Que me reste-t-il de ce merveilleux après-midi d’août à la fondation
Giannada ? Je sais que j’ai vu des Modiagliani, quelques Chagall, des Van Gogh aussi
et des photos de Cartier- Bresson, des sculptures contemporaines et même des vestiges
gallo-romains.
Mais que me
reste-t-il ? Je ne parle pas du souvenir discursif que guette une vanité snob
si on perd toute lucidité. “ J’ai vu l’exposition Modigliani, une splendeur !

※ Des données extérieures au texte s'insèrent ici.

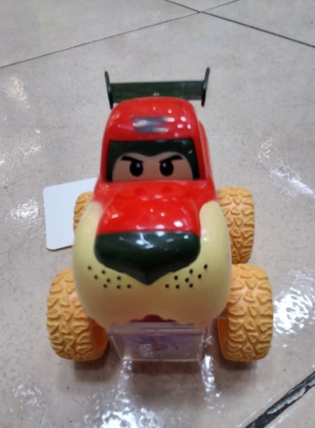 Coche de juguete de estilo monster truck con diseño de perro. - Color rojo y amarillo. - Ruedas grandes todoterreno. - Ala trasera deportiva.
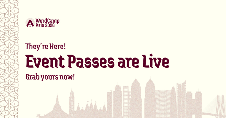 Event passes are now available for WordCamp Asia 2026, happening in Mumbai, India, from 9–11 April 2026. Join thousands from the global WordPress community for three days of learning, collaboration…
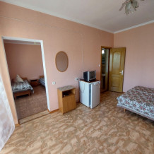 Номера 2,3-местные и отличный вариант для семейного отдыха (на 4-5 гостей). В номерах предоставляется: мебель гостиничного типа, душ, туалет, умывальник, ТВ, холодильник, кондиционер. Смена постели раз в 7 дней.
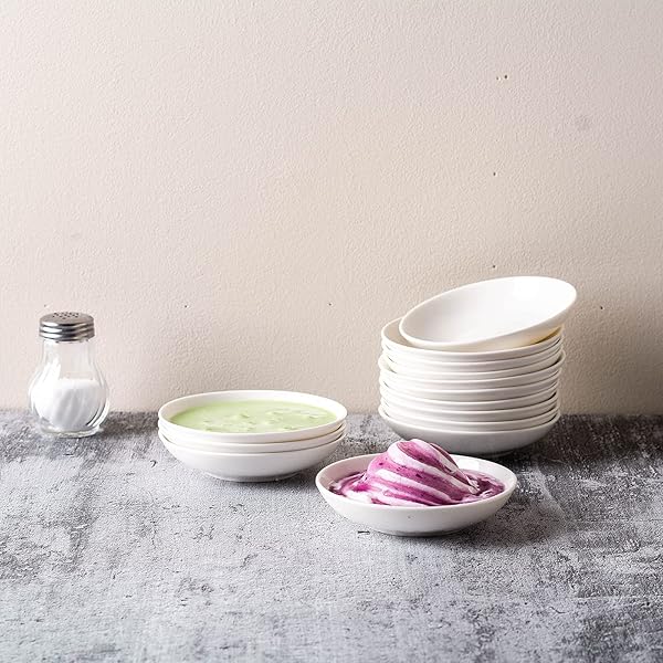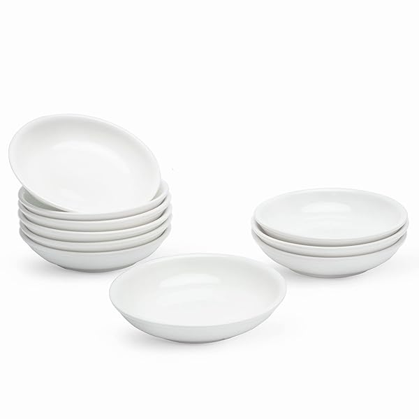 UIBFCWN 4 Inch Soy Sauce Dish, 3Oz Ceramic Dipping Bowls Bulk, Small Sauce Cups, Pinch Bowls, Porcelain Small Bowls for Sauce, Charcuterie, Dipping, Snack, Condiment, Side Dishes, Set of 10

Vous n’y êtes pas allés ? Quel dommage ! ” Je parle de ce qui, d’une œuvre
d’art côtoyée, s’imprime intimement en nous et nous transforme, ne serait-ce qu’à
peine. Je parle de ce qui, surgissant de façon impromptue, fera qu’une réalité
ne nous apparaîtra plus seulement brute – et brutalement - mais à travers le
prisme des traces laissées par l’oeuvre. Un souvenir sensible de celle-ci nous fait
atteindre la réalité par facettes ; nous la cernons mieux que si nous n’étions
capables de ne l’aborder que de face. Ainsi une oeuvre nous enrichit-elle car autrefois
présente à nos yeux mais maintenant absente, son empreinte persiste en nous, multipliant
nos perceptions du réel, en variant le point de vue et l’intérêt.
Ce qui nous reste
d’une oeuvre d’art, c’est donc la chance inépuisable de ne pas nous trouver
réduits à la réalité de notre espace et de notre temps. Je suis accoutumée à
vivre ainsi avec la littérature, la musique et le cinéma.
Mais la peinture et
la sculpture ? Honte au fallacieux argument selon lequel il se pourrait que je
n’ai pas encore rencontré l’occasion de ce surgissement. Je ne suis pas dupe. J’ai
constaté que, des expositions vues au fil des ans, il me reste à peine.
Des expositions
vues. Mais regardées ? Regardées au point d’imprimer la rétine comme les mots
lus ou les notes entendues imprègnent le cerveau ? Les mots lus, relus, relus
encore. Et les notes inlassablement réentendues. On dit aussi “ revoir ”
probablement parce qu’il est évident que voir une fois, c’est ne pas voir. Mais
“ re-regarder ” serait plus adéquat. Le mot n’existe pas ; regarder étant plus
fort que voir, n’est-ce pas suffisant ? Pourtant, une exposition donne tant à
voir qu’elle est une invite à ne rien regarder. Si l’on nous servait en un
repas la nourriture d’un mois, nous serions vite écœurés. Pas question
cependant de jouer les écœurés dans une exposition : on a payé sa place, on
craint de passer pour un inculte, on aurait mauvaise conscience…
Pourtant, il
faudrait avoir l’audace de se consacrer, à chaque exposition, à une seule œuvre.
Parcourir les salles à sa recherche comme l’aigle scrute la plaine en quête
d’une proie puis fondre sur elle et se fermer à tout autre chose, en devenir
ivre, obsédé, la posséder par cœur dans ses teintes, ses formes et les replis
des traits laissés par le pinceau. Et que dire de la sculpture plus précieuse
encore par sa sensualité mais si peu propice à la préhension par l’esprit ?
J’ai un peu triché
cet après-midi là. Je suis allée à plusieurs reprises, flânant dans la galerie
supérieure, re-regarder cette minuscule sculpture romaine, un admirable bouc
tendant fièrement le cou et les cornes à travers deux millénaires. Toi,
ferraille antique, je sais que tu me restes. Et rien que pour toi, je ne
regrette pas mon bel après-midi.
De Martigny au Garn, entre début août et octobre 2013.